Combating COVID-19: Pandemics, Power and Profits

By SETH SANDRONSKY

Epidemiologist Rob Wallace and contributors question the status quo in “The Fault in Our SARS: COVID-19 in the Biden Era” (Monthly Review Press, 2023). The book features 16 essays and just over 100 pages of notes that explore pandemic responses under the current US president and his indicted predecessor.

Here is a taste of what readers will find in an essay published after Biden’s election over Trump. “Any righteous effort to control the outbreak would pay everyone to stay home for as long as a year, even should the two leading vaccine candidates prove efficacious,” Wallace writes. What prevented that outcome? Spoiler alert: profits first, people last.

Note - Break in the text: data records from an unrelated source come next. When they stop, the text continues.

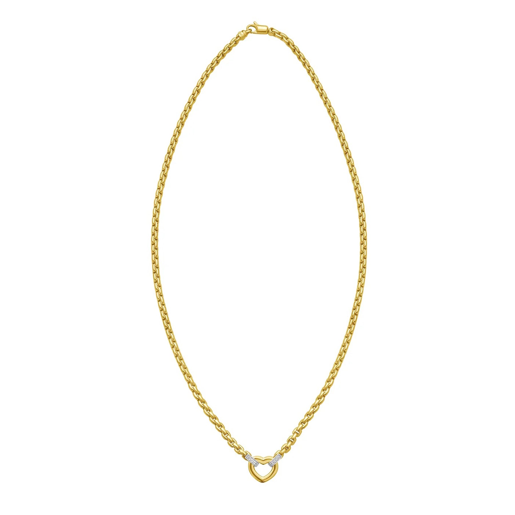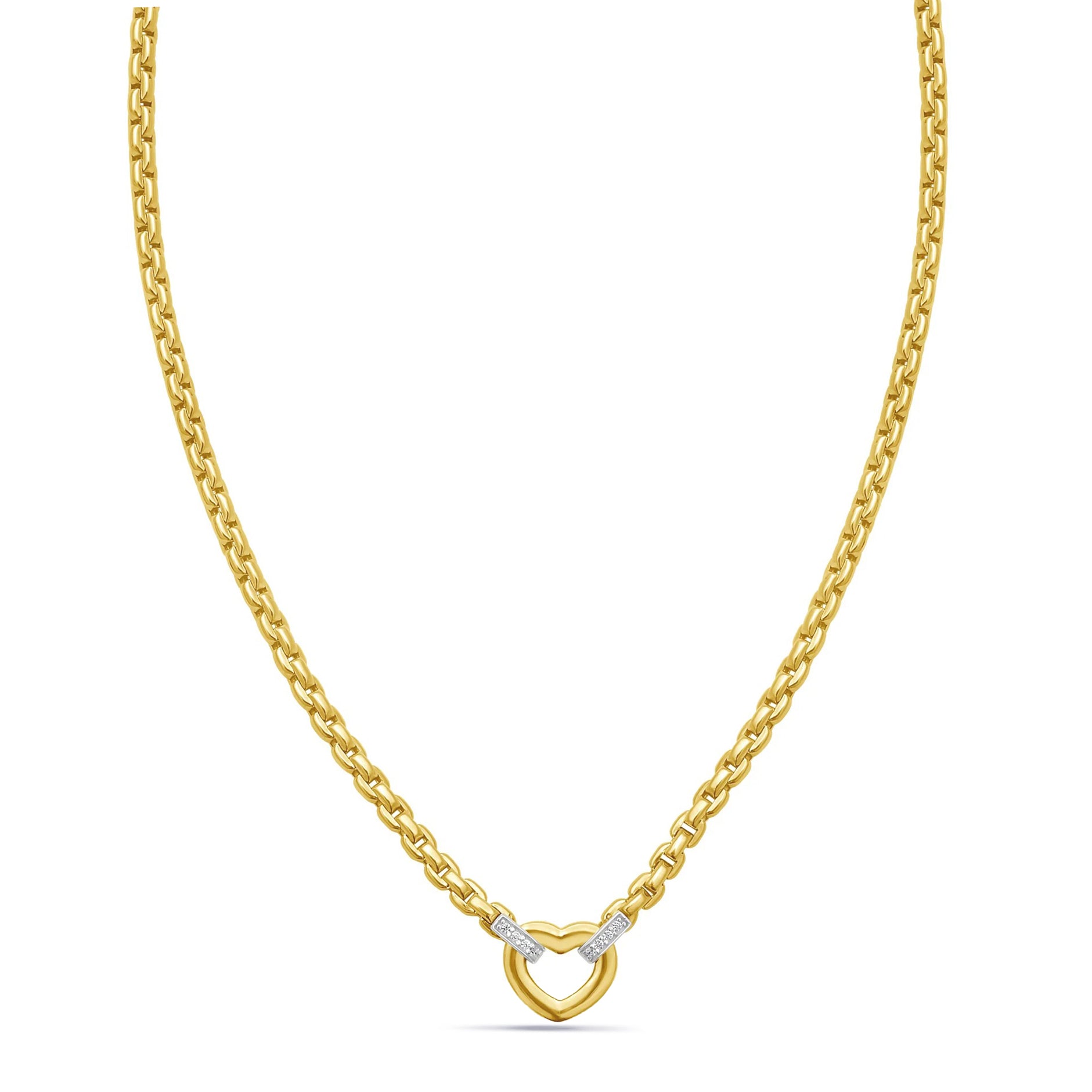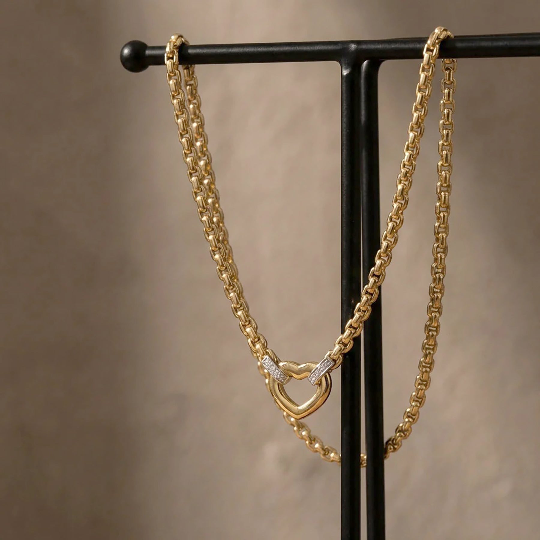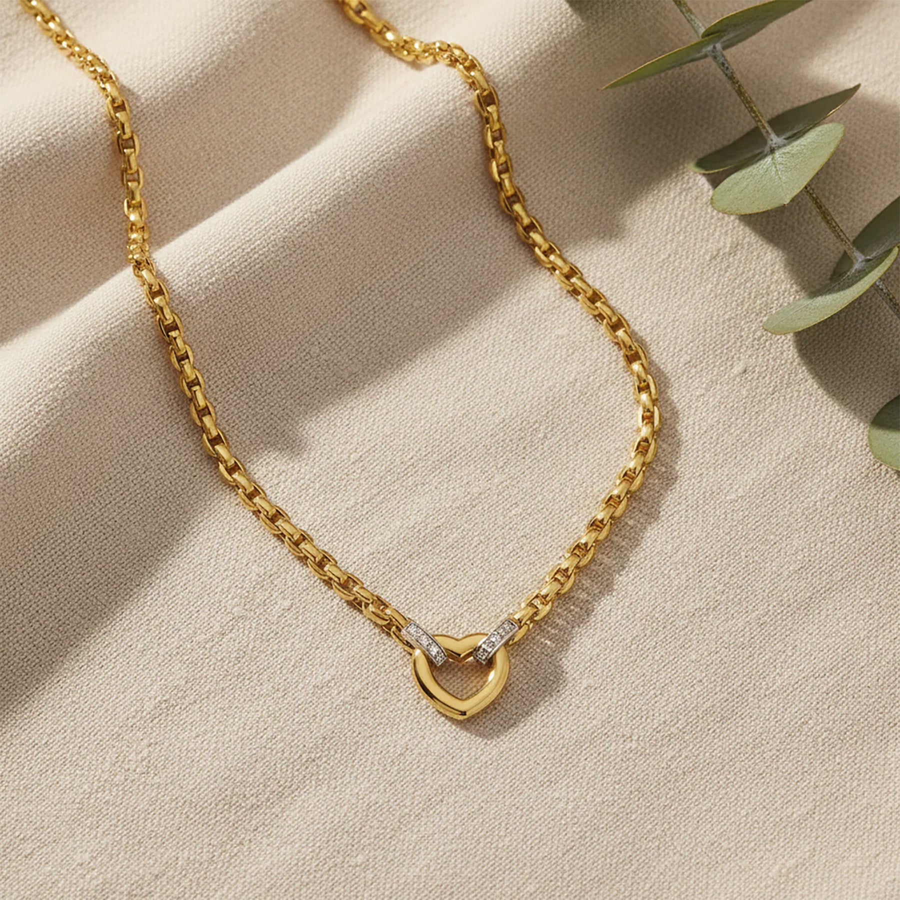 At the center, a beautifully sculpted heart accented with natural diamonds adds subtle brilliance, catching the light with every movement. Designed for everyday elegance or meaningful gifting, this necklace pairs effortlessly with its matching bracelet for a complete, luxurious set.
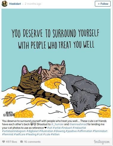 È questo il caso delle 10 illustrazioni che vi mostriamo oggi, opera dell’artista canadese Frizz Kid, al secolo Hana Shafi, che con pochi tratti accompagnati da efficaci affermazioni ha realizzato un progetto volto al benessere fisico (e mentale) delle donne che si trovano in una situazione di fragilità e difficoltà.
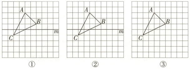 19. (9分)如图①,网格中的每个小正方形的边长为$1$,$\triangle ABC$为格点三角形(点$A$,$B$,$C$在小正方形的格点上),直线$m$经过小正方形的格点.
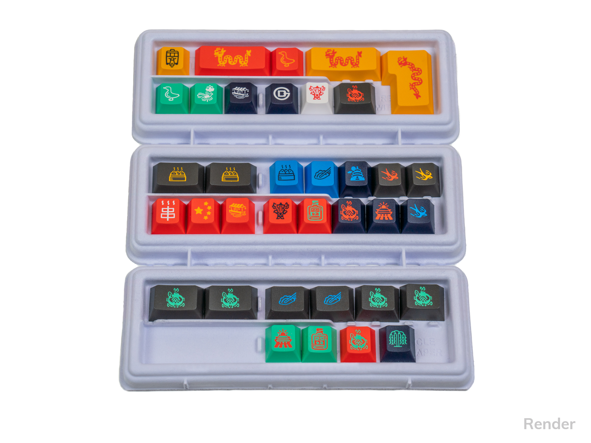 Bright legends and sublegends enveloped by a hazy gray backdrop set the stage for this keycap set based on the hidden Beijing lake. With multiple base kits sporting either simplified Chinese sublegends or Traditional Chinese sublegends, this set will transport you to the nightlife that accompanies Houhai. Multiple child kits are also available, including novelties designed in collaboration with Grundlemere's sibling, Maho.
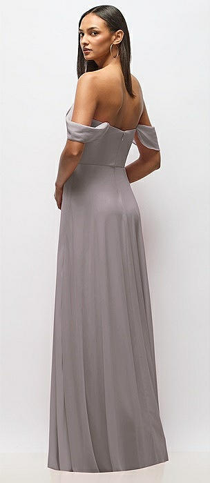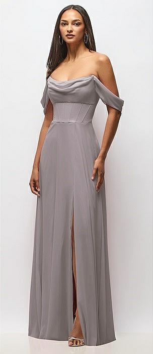 Chiffon Corset Maxi Dress with Removable Off-the-Shoulder Swags in cashmere gray
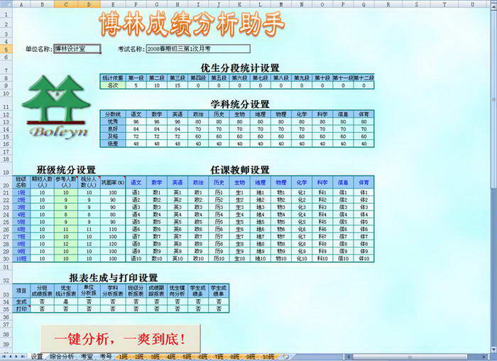 大凡考试之事,教导主任们都要用Microsoft Office Excel来随机生成考号,登录成绩并生成各种报表,但手工操作都很烦琐,并容易出错。为此,我室就以教导主任们最为熟悉的Microsoft Office Excel 2003作为表现形式来进行开发,把绝大部分考务工作都融入到了“博林成绩分析助手”之中,具有简单易用、修改灵活、分析深入等特点。特色按钮“一键分析,一爽到底”,只须弹指功夫,便可生成和打印你需要的所有报表,实现一爽到底。
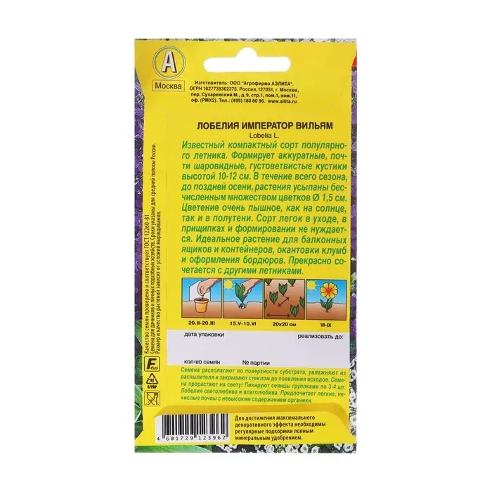 Семена цветов Лобелия "Император Вильям" О, набор 5 шт
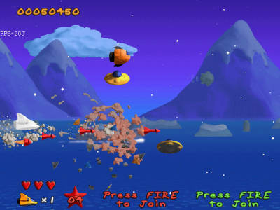 可爱卡通的画风以及流畅的操作感吸引住了,最近这款游戏的新版还登陆PSP平台,随着游戏的成功,制作商又推出了它的2代游戏,在粘土战机2中,你将会继续驾驶F-27战机穿越地球,在5个不同的世界和外星侵略者激战。另外游戏支持鼠标、键盘、手柄3种模式。你可以和你的2个队友一起保卫地球。
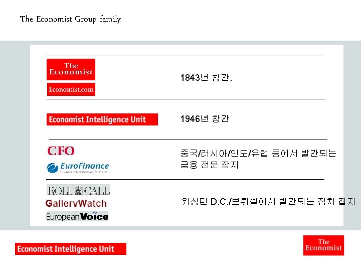 The Economist & CFO 신뢰성 Trusted 글로벌 Global 객관적 Objective 정확한 Accurate 적절한 Relevant 영향력 Influential 솔직한 Outspoken

“For a virulently capitalist state,” according to him, “however, such a reserve army of labor is allowed to fallow only so far as it disciplines those millions who are forced to work to survive, including during a dangerous outbreak.” In other words, unemployment serves a crucial function. It disciplines the employed to demand less in terms of benefits and wages from their employers.

Avoidable US COVID deaths were and are a necessary outcome, unfortunately. This outcome was and is a predicted and predictable metric in a society where it is easier to buy a gun than obtain health care.

We turn to “To Live and Die in LA,” a dispatch from Wallace, the PReP Neighborhoods working group for Pandemic Research for the People, Meleiza Figueroa, Kaitlin Enouchs, Miguel Tinsay, Tanya Kerssena, Allison Henry, Fernando Ramirez, David Bond and John Gulick. The authors reveal neighborhoods’ push back against pandemic responses around the systemic failure to protect poor and working people from evictions and foreclosures.

In “Vic Berger’s American Public Health,” Wallace unpacks the Biden administration’s callous undoing of COVID policies to address transmission of the pandemic. One example is reversal of the mask mandate. “It’s as mendacious a decision as anything the mass murders of the previous administration undertook,” according to Wallace. There are other examples that he terms the “Swiss cheese model of public health.”

Wallace interrogates land use such as industrial farming. That is where zoonotic diseases can emerge. This process bodes ill for human health.

In “Governance is Key,” Wallace proposes solutions to combatting current and future pandemics. “Governance must pivot back to supporting modes of production such as agroecology, community-controlled forestry, and open medicine that, on the front end of disease emergence, retard new pathogens from spilling over into human populations and, on the back end, place public health and economic development on mutually supportive trajectories.” Imagine that!

In the book’s final essay, Wallace and his fellow scribes take up the ideas and practices of land use and pandemics further. This is not breaking news. They write, “Over the past two decades, long before the COVID-19 pandemic, scientists increasingly attributed the emergence of new pathogens and reemergence of other diseases to land use change—the process of converting a specific area of land to another.” If that sounds benign, think again.

At the end of the day, we have a lot of work to control and prevent pandemics. Reading “The Fault in Our SARS: COVID-19 in the Biden Era” is a useful place to begin.